Tja auf PCG kein Test über Grid dabei steht es doch schon bald im Laden oder auf Steam bereit. Wenn ich mir die Videos so ansehe frage ich mich wie bescheuert die Leute eigentlich sind. Mehr als 90% der Strecken sind aus den Vorgängern, kein Spa Francorchamps!!!! Eine Strecke die einfach in ein Rennspiel gehört und eine Grafik die ehrlich gesagt auch nicht besser als Autosport mit Ultra Textures aussieht. Ach ja die Alte Ego Engine wird wieder vergewaltigt und ausgenudelt. 

Ein Spiel was eine Story die schlimmer ist als vom ersten DTM Racedriver bietet, Fahrgefühl was genauso schwammig ist wie bei Autosport und Strecken die zu 90% aus den Vorgängern bekannt sind. Sagte man nicht was von 84 Variationen und 42 Strecken? Na auf der offiziellen Seite nix davon zu sehen. Ach auch witzig wir schmeissen ein paar GTE und GT Fahrzeuge ins Spiel. Tja aber eine volle GTE, GT3, GT4 Saison bietet dieser Contentarme schweizer Käse einfach nicht. 

Dann doch lieber Assetto Corsa Competitzione, Project Cars 2, etc. Spielen. 

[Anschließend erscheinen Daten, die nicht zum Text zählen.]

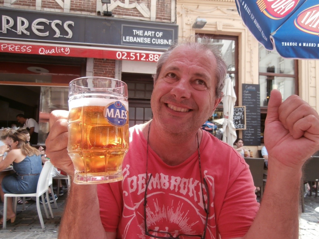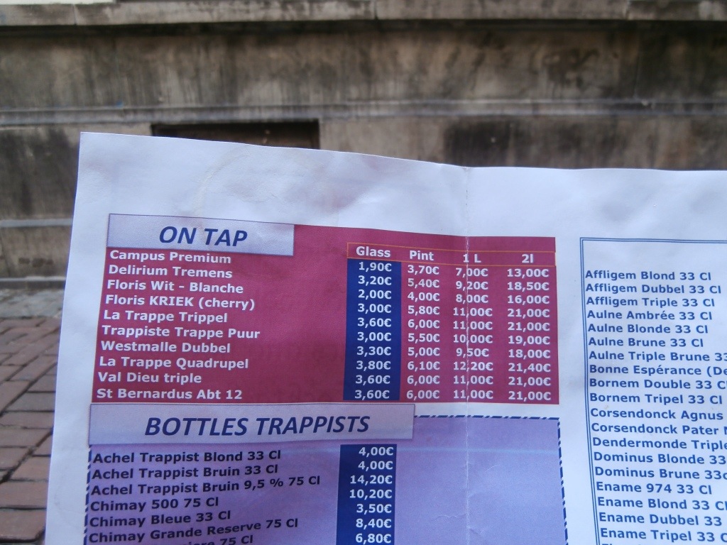 By accident we found a famous watering hole – the Delerium Café. It has about 5 or 6 bars that we could see, but there may have been more. It boasted having 100 different beers and 400 vodkas. We did try a few including the Delerium Tremens (denoted with a pink elephant) which was beautiful. While we sat there sipping some of the different beers on offer we reminisced about the ale and cider festival we went to in Tenbury Wells. We agreed that the Belgium beers were head and shoulders above anything we tried in England (sorry Chris). The pub had a menu that went for pages listing all the different beers on offer. The beers we tried cost between €2 to €3.80 / glass.

Codemasters verkommt immer mehr zum KonsolenKiddy Mainstream Entwickler und kann EA wohl bald die Hand geben. 

Vollpreis pfff.


----------



## Batze (5. Oktober 2019)

@crysisheld,
fehlt nur noch die Gummiband KI aus Grid Autosport und die Löcher im Schweizer Käse wären so groß wie noch nie.


----------



## LOX-TT (5. Oktober 2019)

Auch wenn mich Grid nicht wirklich interessiert, finde ich es nicht gut dass du das Spiel so extrem runtermachst, ohne das fertige Spiel gesehen oder gespielt zu haben. Und am Schluss das völlig deplatzierte "Konsolen-Kiddy" könntest du in Zukunft dir auch gerne verkneifen. Danke


----------



## Batze (5. Oktober 2019)

LOX-TT schrieb:


> Auch wenn mich Grid nicht wirklich interessiert, finde ich es nicht gut dass du das Spiel so extrem runtermachst, ohne das fertige Spiel gesehen oder gespielt zu haben. Und am Schluss das völlig deplatzierte "Konsolen-Kiddy" könntest du in Zukunft dir auch gerne verkneifen. Danke



Er zählt aber auch Fakten auf die ja schon teils auf dem Tisch liegen. Okey, das mit den KonsolenKiddys hätte er sich wirklich sparen können, aber ansonsten sehe ich nicht viel Potenzial was da kommen wird, leider.


----------



## Martin8411 (5. Oktober 2019)

crysisheld schrieb:


> Tja auf PCG kein Test über Grid dabei steht es doch schon bald im Laden oder auf Steam bereit. Wenn ich mir die Videos so ansehe frage ich mich wie bescheuert die Leute eigentlich sind. Mehr als 90% der Strecken sind aus den Vorgängern, kein Spa Francorchamps!!!! Eine Strecke die einfach in ein Rennspiel gehört und eine Grafik die ehrlich gesagt auch nicht besser als Autosport mit Ultra Textures aussieht. Ach ja die Alte Ego Engine wird wieder vergewaltigt und ausgenudelt.
> 
> Ein Spiel was eine Story die schlimmer ist als vom ersten DTM Racedriver bietet, Fahrgefühl was genauso schwammig ist wie bei Autosport und Strecken die zu 90% aus den Vorgängern bekannt sind. Sagte man nicht was von 84 Variationen und 42 Strecken? Na auf der offiziellen Seite nix davon zu sehen. Ach auch witzig wir schmeissen ein paar GTE und GT Fahrzeuge ins Spiel. Tja aber eine volle GTE, GT3, GT4 Saison bietet dieser Contentarme schweizer Käse einfach nicht.
> 
> ...



Das mit dem Vollpreis ist echt inzwischen schlimm.. ich vermute dass dennoch mindestens so viel Entwicklungszeit wie beim Vorgänger reingeflossen ist.. und das muss ja jemand bezahlen


----------



## crysisheld (9. Oktober 2019)

So nun habe ich den SCheiss gespielt und was soll ich sagen. Es ist so wie ich es mir schon gedacht habe wie es ist. 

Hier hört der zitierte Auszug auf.